DATA SHOWN: Begin

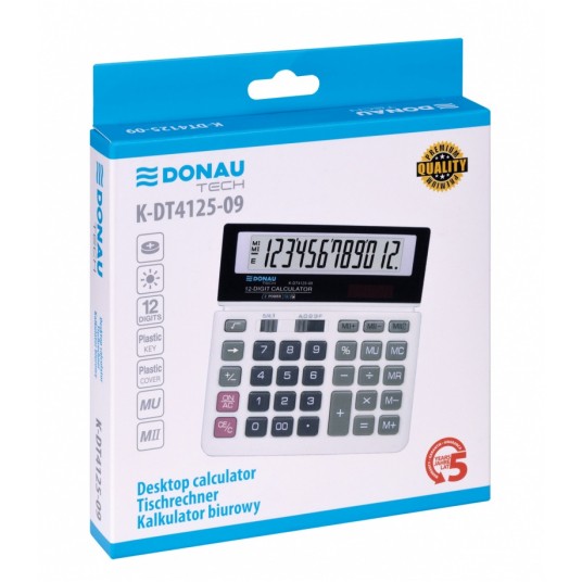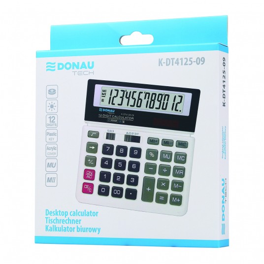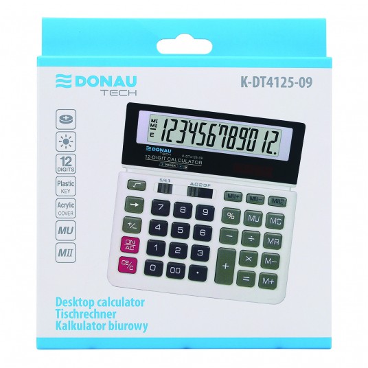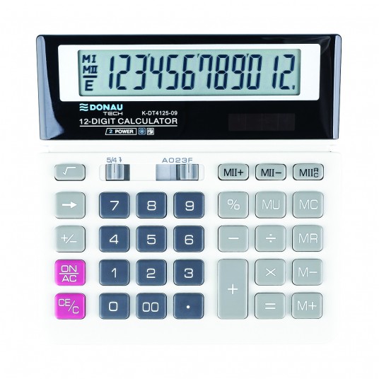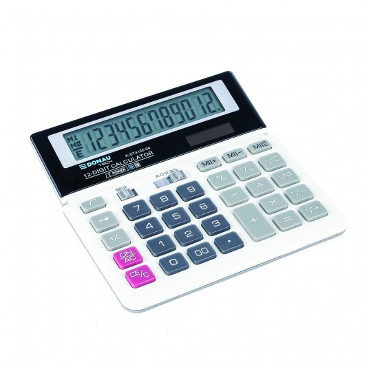 - Kalkulator biurowy z 12-cyfrowym wyświetlaczem z zasilaniem bateryjno-solarnym - Wymiary: 156 x 152 x 28 mm - Funkcja pierwiastka kwadratowego oraz obliczania procentów, obliczanie marży MU podwójne zero, kasowanie ostatniej pozycji, pamięć, ustawienie dziesiętne, zaokrąglanie wyniku, kasowanie ostatniej pozycji - Wyłącza się automatycznie - 5 lat gwarancji - Kolor: biały
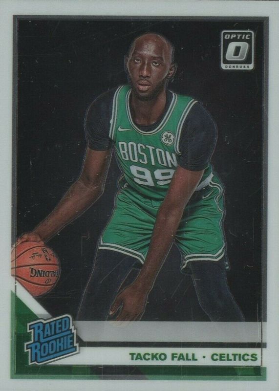 This card is 1 of 53 Tacko Fall's card variations in the 2019 Optic set being tracked by Sports Card Investor, including Blue Velocity, Checkerboard, Choice, Choice Red & Green, and Fanatics Green Wave.
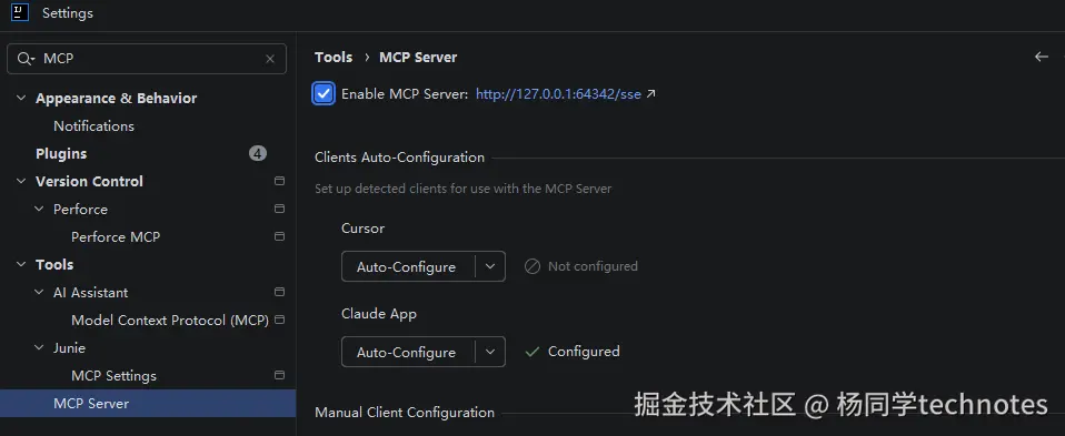 第一步:开启 MCP 服务。打开 Settings → 搜索MCP Server。
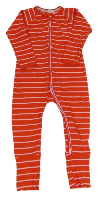 Červeno-světlerůžový pruhovaný žebrovaný overal s nápisem
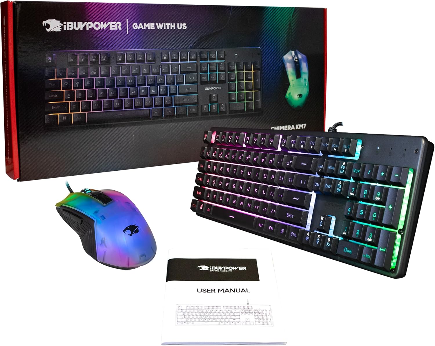 Introducing iBUYPOWER’s new generation gaming peripherals, the Chimera KM7 RGB Gaming Keyboard and Mouse Combo. The Chimera KM7 Gaming Keyboard is a 104 key membrane switch gaming keyboard with 24 RGB lighting zones. While the Chimera KM7 mouse is a palm grip ambidextrous wired mouse with an RGB diffuser. The HYTE Nexus software can be used for adjusting the perforamcne and 24 RGB lighting zone of the mouse and keyboard.
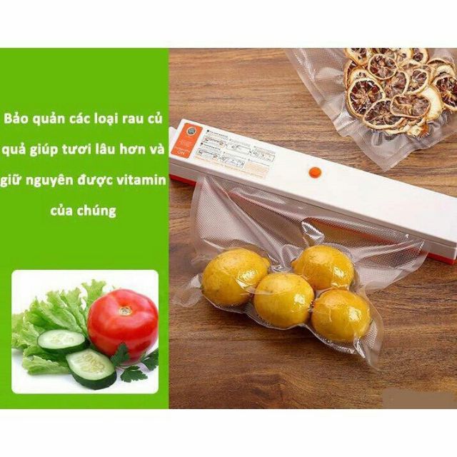 Máy hút chân không cho túi đựng thực phẩmBộ sản phẩm gồm 1 máy và kèm thêm 15 túi hút chân không
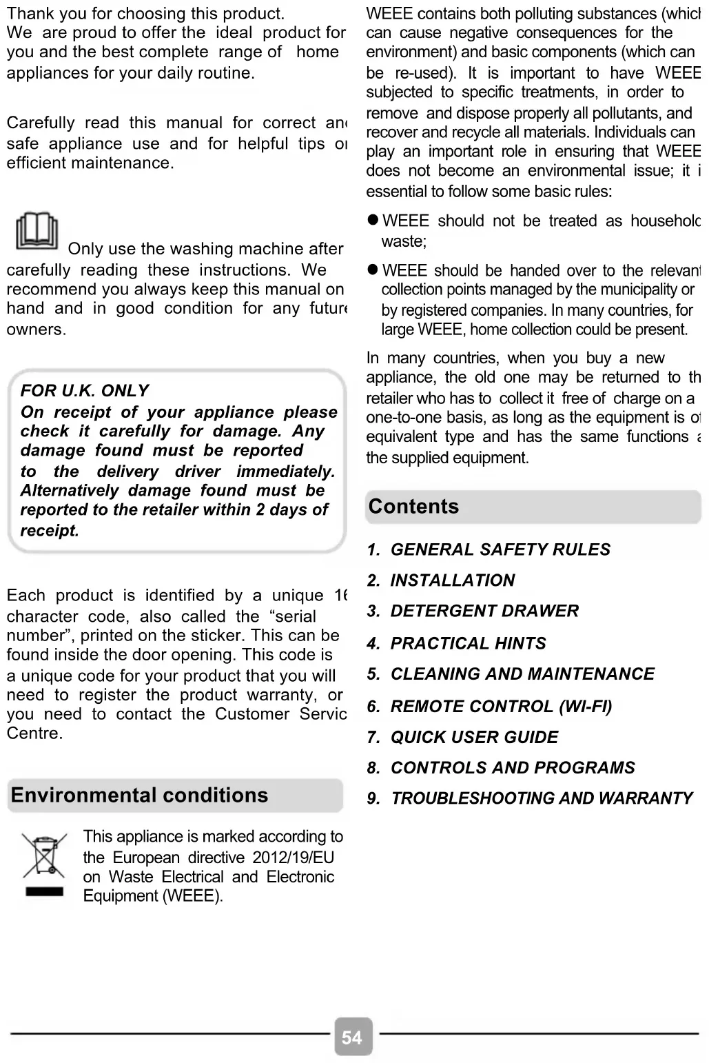 Thank you for choosing this product. We are proud to offer the ideal product for you and the best complete range of home appliances for your daily routine. Carefully read this manual for correct and safe appliance use and for helpful tips on efficient maintenance. Only use the washing machine after carefully reading these instructions. We recommend you always keep this manual on hand and in good condition for any future owners.
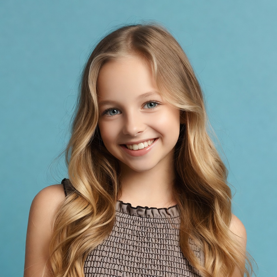 A young girl with long wavy blonde hair smiles happily at the camera. She wears a sleeveless beige top with ruffled neckline and stands against a solid blue background. Her blue eyes are bright and her expression is cheerful.
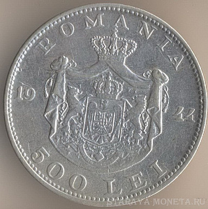 500 лей 1945 года, никель-латуневый сплав (63% меди + 37% цинка), масса - 10 граммов, диаметр - 30 мм, толщина - 2 мм, тираж - 3422000 экземпляра (хотя, согласно книге "Monetele Romaniei" под редакцией Октавиана Илиеску и Пауля Радовицы, общий тираж был несколько большим - 4942400 экземпляров). Гравёр: Хараламб Ионеску. Единственный выпуск.

DATA SHOWN: End

[ACTION ITEM] Beginning with the line above that contains "第一步:开启 MCP 服务。打开 Settings → 搜索MCP Server。" and ending with the line that contains "Máy hút chân", quote each line exactly, keeping out the pictures.

[YOUR SOLUTION]
 第一步:开启 MCP 服务。打开 Settings → 搜索MCP Server。
 Červeno-světlerůžový pruhovaný žebrovaný overal s nápisem
 Introducing iBUYPOWER’s new generation gaming peripherals, the Chimera KM7 RGB Gaming Keyboard and Mouse Combo. The Chimera KM7 Gaming Keyboard is a 104 key membrane switch gaming keyboard with 24 RGB lighting zones. While the Chimera KM7 mouse is a palm grip ambidextrous wired mouse with an RGB diffuser. The HYTE Nexus software can be used for adjusting the perforamcne and 24 RGB lighting zone of the mouse and keyboard.
 Máy hút chân không cho túi đựng thực phẩmBộ sản phẩm gồm 1 máy và kèm thêm 15 túi hút chân không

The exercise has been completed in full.